■ Activity
Restate the records below word for word, leaving nothing out.

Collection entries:
★ ★ ★ ★ ★ ★ ★

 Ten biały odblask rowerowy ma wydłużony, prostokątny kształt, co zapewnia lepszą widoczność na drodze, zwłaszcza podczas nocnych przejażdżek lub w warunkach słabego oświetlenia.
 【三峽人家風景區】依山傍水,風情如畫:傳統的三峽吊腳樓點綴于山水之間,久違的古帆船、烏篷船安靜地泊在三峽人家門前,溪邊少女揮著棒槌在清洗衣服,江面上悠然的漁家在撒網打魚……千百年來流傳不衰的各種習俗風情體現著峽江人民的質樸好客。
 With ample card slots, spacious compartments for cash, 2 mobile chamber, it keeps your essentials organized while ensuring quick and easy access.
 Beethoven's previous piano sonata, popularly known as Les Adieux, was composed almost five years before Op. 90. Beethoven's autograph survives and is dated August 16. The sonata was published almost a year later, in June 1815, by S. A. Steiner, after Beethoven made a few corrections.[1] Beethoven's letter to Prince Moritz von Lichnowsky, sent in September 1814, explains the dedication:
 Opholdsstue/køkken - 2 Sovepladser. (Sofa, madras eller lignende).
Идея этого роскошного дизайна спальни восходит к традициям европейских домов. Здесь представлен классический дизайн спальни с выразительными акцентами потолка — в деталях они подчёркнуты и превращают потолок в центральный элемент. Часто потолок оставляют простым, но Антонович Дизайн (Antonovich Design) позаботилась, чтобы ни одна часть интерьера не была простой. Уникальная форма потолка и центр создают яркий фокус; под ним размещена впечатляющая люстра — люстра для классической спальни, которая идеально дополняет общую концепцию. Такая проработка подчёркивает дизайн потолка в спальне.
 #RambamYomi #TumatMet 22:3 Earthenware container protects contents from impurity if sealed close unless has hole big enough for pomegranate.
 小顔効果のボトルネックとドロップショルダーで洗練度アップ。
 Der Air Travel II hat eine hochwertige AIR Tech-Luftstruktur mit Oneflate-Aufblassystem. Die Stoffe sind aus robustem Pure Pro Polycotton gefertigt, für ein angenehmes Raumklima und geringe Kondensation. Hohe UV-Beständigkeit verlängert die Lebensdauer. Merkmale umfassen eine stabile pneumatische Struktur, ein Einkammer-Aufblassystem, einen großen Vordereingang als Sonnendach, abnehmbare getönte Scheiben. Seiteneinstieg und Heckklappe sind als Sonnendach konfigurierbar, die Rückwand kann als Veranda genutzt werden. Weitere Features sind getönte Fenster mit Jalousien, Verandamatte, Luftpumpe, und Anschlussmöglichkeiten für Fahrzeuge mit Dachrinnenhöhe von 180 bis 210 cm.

★ ★ ★ ★ ★ ★ ★

■ Response to this task
 Ten biały odblask rowerowy ma wydłużony, prostokątny kształt, co zapewnia lepszą widoczność na drodze, zwłaszcza podczas nocnych przejażdżek lub w warunkach słabego oświetlenia.
 【三峽人家風景區】依山傍水,風情如畫:傳統的三峽吊腳樓點綴于山水之間,久違的古帆船、烏篷船安靜地泊在三峽人家門前,溪邊少女揮著棒槌在清洗衣服,江面上悠然的漁家在撒網打魚……千百年來流傳不衰的各種習俗風情體現著峽江人民的質樸好客。
 With ample card slots, spacious compartments for cash, 2 mobile chamber, it keeps your essentials organized while ensuring quick and easy access.
 Beethoven's previous piano sonata, popularly known as Les Adieux, was composed almost five years before Op. 90. Beethoven's autograph survives and is dated August 16. The sonata was published almost a year later, in June 1815, by S. A. Steiner, after Beethoven made a few corrections.[1] Beethoven's letter to Prince Moritz von Lichnowsky, sent in September 1814, explains the dedication:
 Opholdsstue/køkken - 2 Sovepladser. (Sofa, madras eller lignende).
Идея этого роскошного дизайна спальни восходит к традициям европейских домов. Здесь представлен классический дизайн спальни с выразительными акцентами потолка — в деталях они подчёркнуты и превращают потолок в центральный элемент. Часто потолок оставляют простым, но Антонович Дизайн (Antonovich Design) позаботилась, чтобы ни одна часть интерьера не была простой. Уникальная форма потолка и центр создают яркий фокус; под ним размещена впечатляющая люстра — люстра для классической спальни, которая идеально дополняет общую концепцию. Такая проработка подчёркивает дизайн потолка в спальне.
 #RambamYomi #TumatMet 22:3 Earthenware container protects contents from impurity if sealed close unless has hole big enough for pomegranate.
 小顔効果のボトルネックとドロップショルダーで洗練度アップ。
 Der Air Travel II hat eine hochwertige AIR Tech-Luftstruktur mit Oneflate-Aufblassystem. Die Stoffe sind aus robustem Pure Pro Polycotton gefertigt, für ein angenehmes Raumklima und geringe Kondensation. Hohe UV-Beständigkeit verlängert die Lebensdauer. Merkmale umfassen eine stabile pneumatische Struktur, ein Einkammer-Aufblassystem, einen großen Vordereingang als Sonnendach, abnehmbare getönte Scheiben. Seiteneinstieg und Heckklappe sind als Sonnendach konfigurierbar, die Rückwand kann als Veranda genutzt werden. Weitere Features sind getönte Fenster mit Jalousien, Verandamatte, Luftpumpe, und Anschlussmöglichkeiten für Fahrzeuge mit Dachrinnenhöhe von 180 bis 210 cm.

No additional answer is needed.